Alito’s Excellent Defense of “Corporate Personhood” in Hobby Lobby

The groundbreaking decision today in Burwell v. Hobby Lobby Stores, in which the Supreme Court ruled 5-4 that Obamacare’s contraception mandate violates the religious freedom of two closely held corporations,  will be dissected heavily for days, and studied for weeks, years and decades. My colleague Hans Bader has more here.

For consistent civil libertarians, one of the most remarkable—and favorable—aspects of the majority opinion by Justice Samuel Alito is a no-hold-barred defense of corporations asserting rights of “persons.” Though this case dealt with statutory rights under the Religious Freedom Restoration Act, and did not directly involve constitutional liberties, Alito implied strongly that corporations—even if set up for profit—should enjoy such “personal” rights.

In the passage quoted below, Alito dispensed with much of the foolishness of the contemporary “corporate personhood” debate. The law treats corporations as people, he explained, because corporations are, in fact, extensions of people. From page 18 of the decision:

[I]t is important to keep in mind that the purpose of this fiction [of corporate personhood] is to provide protection for human beings. A corporation is simply a form of organization used by human beings to achieve desired ends. An established body of law specifies the rights and obligations of the people (including shareholders, officers, and employees) who are associated with a corporation in one way or another. When rights, whether constitutional or statutory, are extended to corporations, the purpose is to protect the rights of these people. For example, extending Fourth Amendment protection to corporations protects the privacy interests of employees and others associated with the company. Protecting corporations from government seizure of their property without just compensation protects all those who have a stake in the corporations’ financial well-being. And protecting the free-exercise rights of corporations like Hobby Lobby, Conestoga, and Mardel protects the religious liberty of the humans who own and control those companies.

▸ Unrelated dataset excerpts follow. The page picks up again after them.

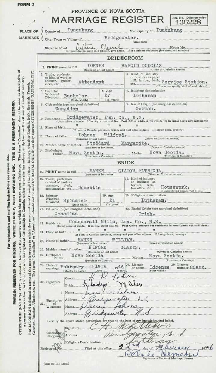 Groom Harold Douglas Lohnes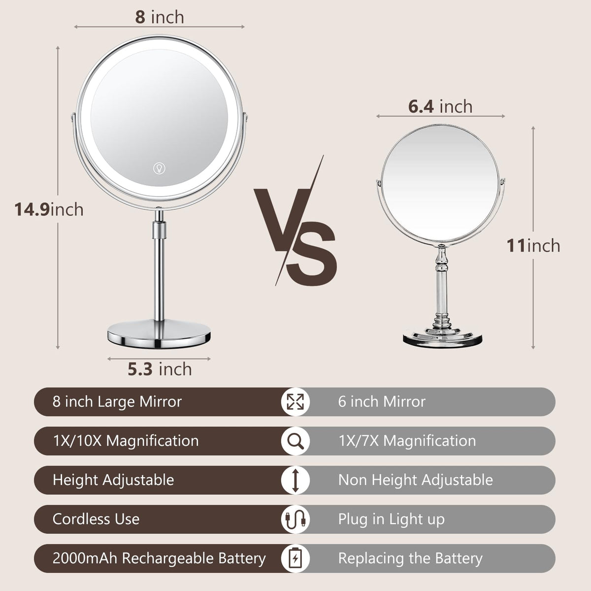Included Components :: 1x Lighted Makeup Mirror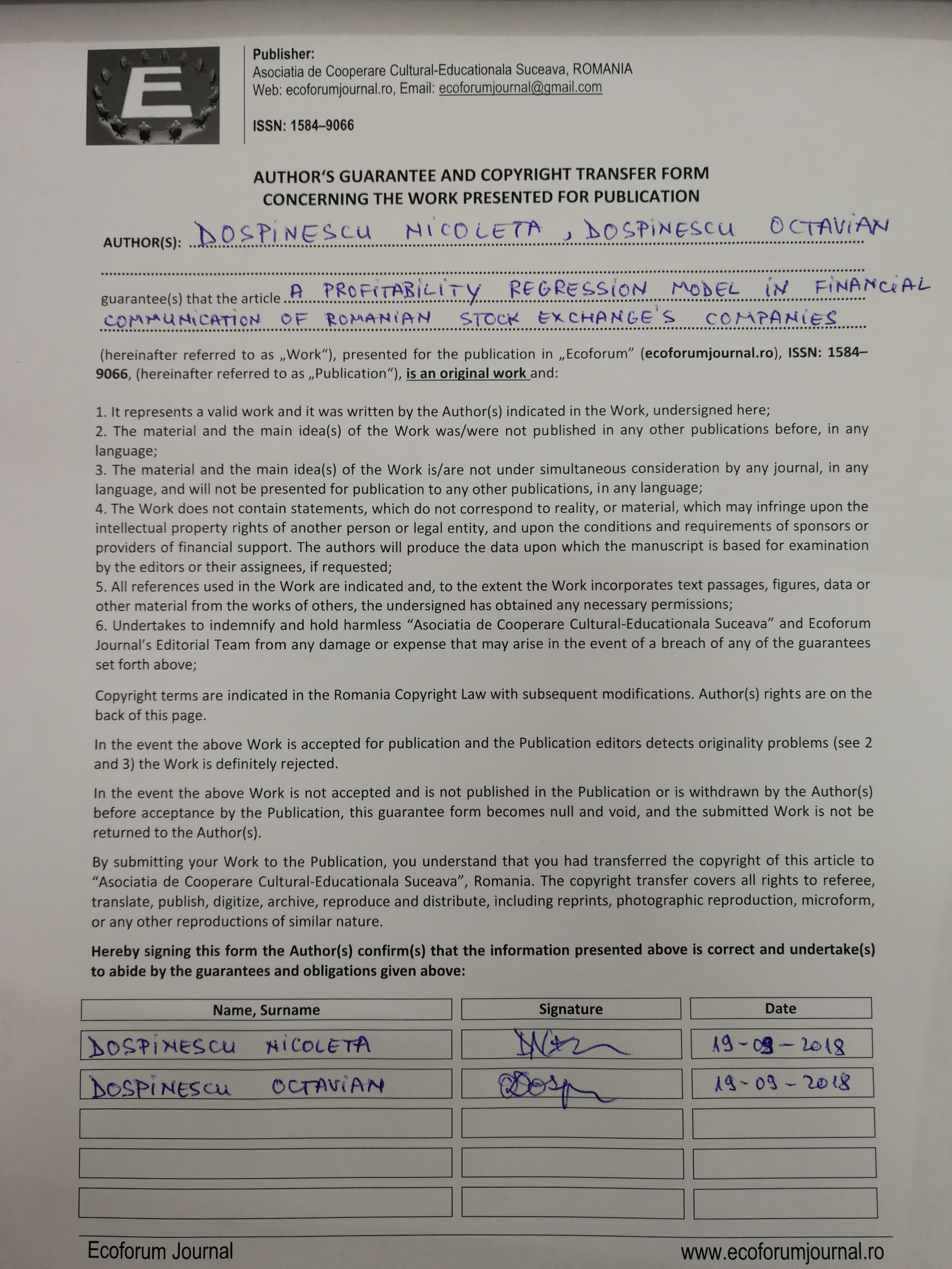 Dospinescu, N., & Dospinescu, O. (2019). A PROFITABILITY REGRESSION MODEL IN FINANCIAL COMMUNICATION OF ROMANIAN STOCK EXCHANGE’S COMPANIES. Ecoforum Journal, 8(1). Retrieved from https://ecoforumjournal.ro/index.php/eco/article/view/2485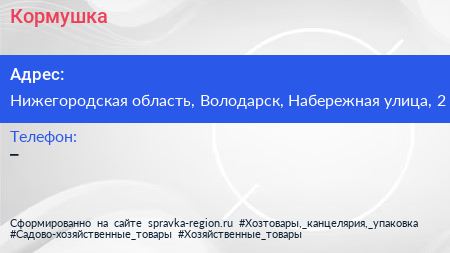 Кормушка по адресу Нижегородская область, Володарск, Набережная улица, 2 в дальнейшем Организация, размещена в следующих категориях: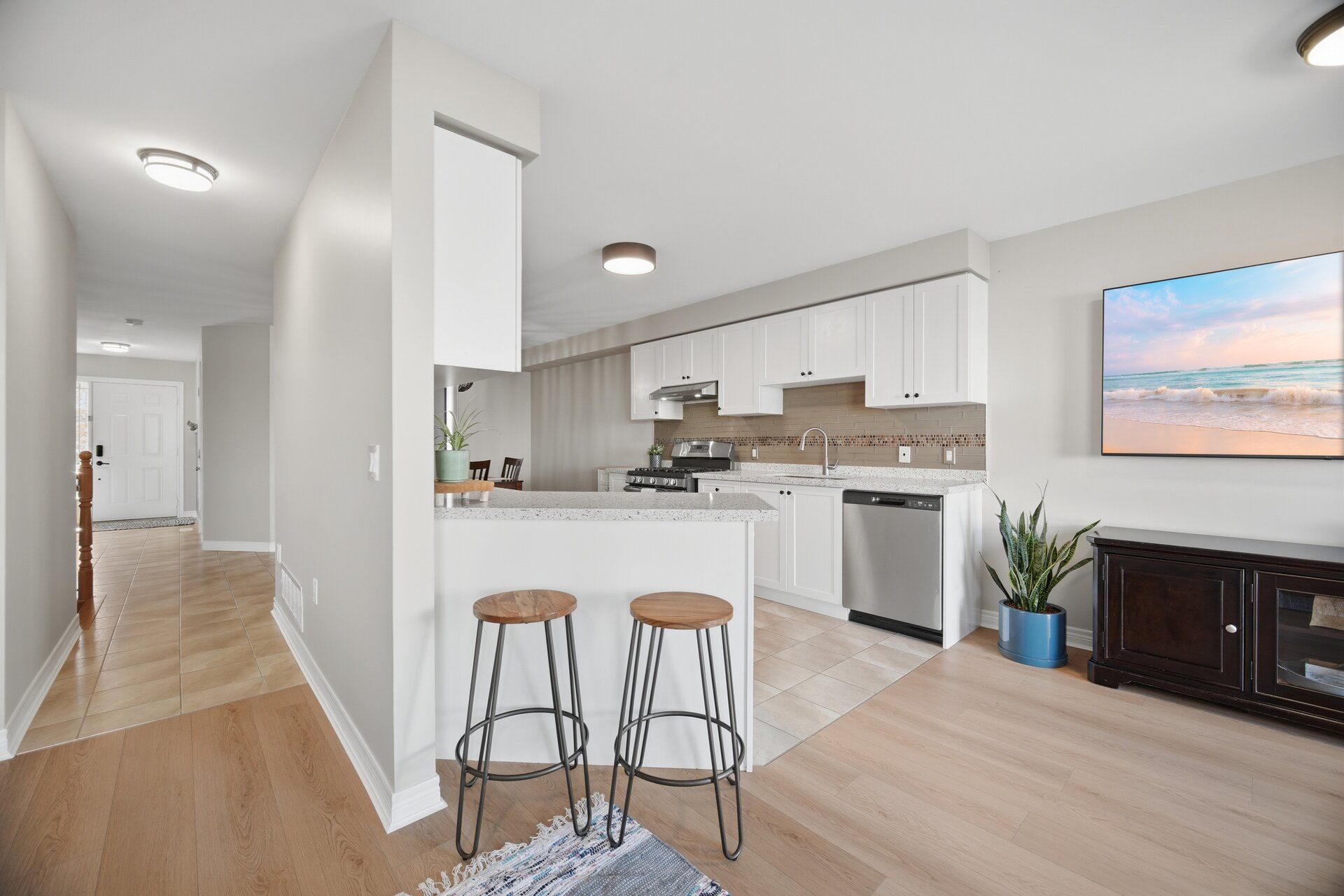 • Stylish new flooring and quartz countertops for modern appeal.

One could add to that example of the First Amendment’s protection the free speech of a corporation incorporated as a newspaper to publish investigative journalism. Or pending cases involving whether the Fourth Amendment protects incorporated communication providers from being forced routinely to give the government access to random conversations of customers without a warrant.

In cases involving free exercise of religion, there will be questions, as both majority and dissent point out, of discerning the religious beliefs of publicly traded corporations with shareholders. But that is no reason to quash an easy call for these closely-held corporations’ exercise of their religious freedom.

To Alito’s clear-cut message that liberties aren’t lost when individual persons form a corporation, even atheist civil libertarians can sincerely utter a big Amen.